Je me rappelle soudain que je n’ai plus d’eau et on décide de reprendre une bouteille. J’arrive au bar et j’ai le deuxième et dernier souvenir concret de ma soirée, un gars bien défoncé qui m’explique que le meilleur plan maintenant c’est de boire un pastis et qui s’énerve presque parce que je n’en veux pas avant de partir.
Je me tourne vers elle:
- Merci pour cette soirée, tu ne peux pas savoir combien ça m’a fait du bien et combien tu m’as fait du bien ...
- Je sais, j’ai passé un peu de temps à te regarder - je ne m’en étais pas rendu compte - et il n’y avait qu’à voir combien tu avais l’air heureux, ça m’a fait plaisir
On n’en était qu’à notre deuxième soirée ensemble et n’avions jamais ni couché ensemble ni passé une nuit ensemble. Je lui demande, tant pis, on verra bien ...
- Tu veux dormir avec moi ? J’ai pas envie de coucher avec toi, je ne sais même pas si j’en serai capable en fait. Je n’ai juste pas envie de te lâcher, juste envie de rester contre toi.
- Si tu me promets de ne pas vouloir coucher avec moi, d’accord.
J’ai tenu ma promesse...
Cette nuit là j’en avais pas envie, j’étais de toute façon dans un état de plaisir supérieur.
Le lendemain j’ai passé ma journée avec elle. On n’avait pas envie de redescendre en fait.

C’est là où le résultat est pervers.
Une bonne soirée c’est les amis, le programme que l’on fait, ce qu’il s’y passe, et une part d’irrationnel tenant compte de son état, ses envies, son humeur et des influences extérieures comme la météo ou la musique. Notons cela de 0 à 1000, de raté à génial.

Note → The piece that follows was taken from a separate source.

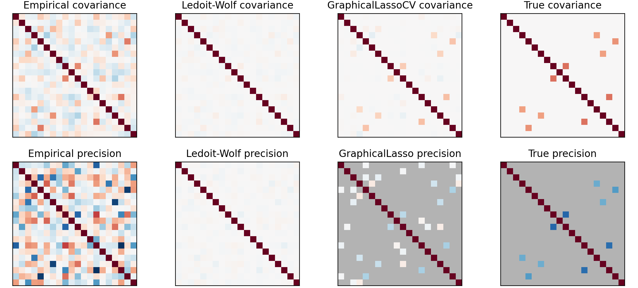 1 2 3 4 5 6 7 8 9 10 11 12 13 14 15 16 17 18 19 20 21 22 23 24 25 26 27 28 29 30 31 32 33 34 35 36 37 38 39 40 41 42 43 44 45 46 47 48 49 50 51 52 53 54 55 56 57 58 import numpy as npimport matplotlib.pyplot as pltfrom scipy import linalgfrom sklearn.datasets import make_sparse_spd_matrixfrom sklearn.covariance import GraphicalLassoCV, ledoit_wolfn_samples = 60 n_features = 20 prng = np.random.RandomState(1 ) prec = make_sparse_spd_matrix(n_features, alpha=0.98 , smallest_coef=0.4 , largest_coef=0.7 , random_state=prng) cov = linalg.inv(prec) d = np.sqrt(np.diag(cov)) cov /= d cov /= d[:, np.newaxis] prec *= d prec *= d[:, np.newaxis] X = prng.multivariate_normal(np.zeros(n_features), cov, size=n_samples) X -= X.mean(axis=0 ) X /= X.std(axis=0 ) emp_cov = np.dot(X.T, X) / n_samples model = GraphicalLassoCV() model.fit(X) cov_ = model.covariance_ prec_ = model.precision_ lw_cov_, _ = ledoit_wolf(X) lw_prec_ = linalg.inv(lw_cov_) plt.figure(figsize=(10 , 6 )) plt.subplots_adjust(left=0.02 , right=0.98 ) covs = [("Empirical" , emp_cov),("Ledoit-Wolf" , lw_cov_),("GraphicalLassoCV" , cov_),("True" , cov),] vmax = cov_.max () for i, (name, this_cov) in enumerate (covs): plt.subplot(2 , 4 , i + 1 ) plt.xticks(()) plt.yticks(()) plt.title("%s covariance" % name) plt.imshow(this_cov, interpolation="nearest" , vmin=-vmax, vmax=vmax, cmap=plt.cm.RdBu_r) precs = [("Empirical" , linalg.inv(emp_cov)),("Ledoit-Wolf" , lw_prec_),("GraphicalLasso" , prec_),("True" , prec),] vmax = 0.9 * prec_.max () for i, (name, this_prec) in enumerate (precs): ax = plt.subplot(2 , 4 , i + 5 ) plt.xticks(()) plt.yticks(()) plt.imshow(np.ma.masked_equal(this_prec, 0 ),interpolation="nearest" ,vmin=-vmax,vmax=vmax,cmap=plt.cm.RdBu_r,) plt.title("%s precision" % name) if hasattr (ax, "set_facecolor" ): ax.set_facecolor(".7" ) else : ax.set_axis_bgcolor(".7" ) plt.show()

La drogue ne reste qu’un catalyseur ou un multiplicateur, selon votre humeur ou la qualité de celle-ci. Ajoutons à cela un côté irrationnel tenant compte de votre état psychologique et d’éléments aussi débiles comme ce que vous avez mangé avant et qui libérera ou pas la molécule d’une certaine façon et cela vous multiplie l’indice soirée de 0 à 100.

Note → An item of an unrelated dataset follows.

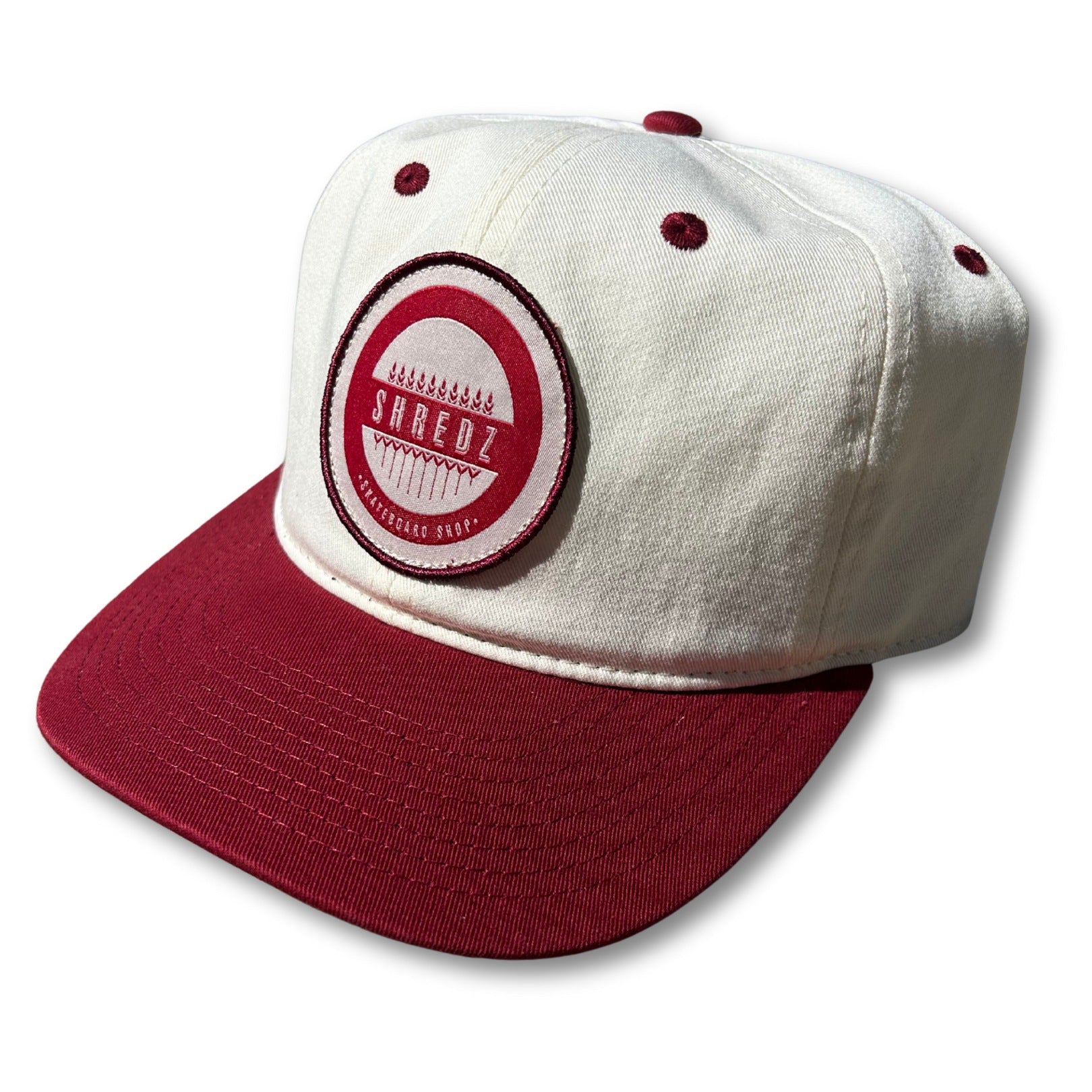 Unstructured five panel snap back hat featuring the Shredz "Shredded Wheat" Logo patch. Off white with forrest green brim, logo and eyelets. Snapback closure.

Si comme cette soirée vous atteignez comme moi le 1000 pour la soirée multiplié par le 100 de la drogue, vous atteignez un état qui ferait passer un orgasme pour un chatouillis insignifiant.

Ce que l’on sait à 43 ans, c’est que cette soirée a été une telle réussite car j’étais avec elle et que c’était la bonne personne, au bon moment au bon endroit dans ma vie. La drogue n’était qu’un catalyseur.
J’aurais été un gamin de 18 ans qui avait par hasard atteint cet état d’extase sans trop comprendre, je n’aurais qu’une seule envie, c’est reprendre de la MD le lendemain peu importe le contexte et je n’aurais jamais atteint cet état à nouveau. Donc j’aurais réessayé la semaine d’après sans succès sans doute, et ainsi de suite ...
Et là je ne saurais pas vers où j’aurais continué à aller, mais certainement pas dans la bonne direction.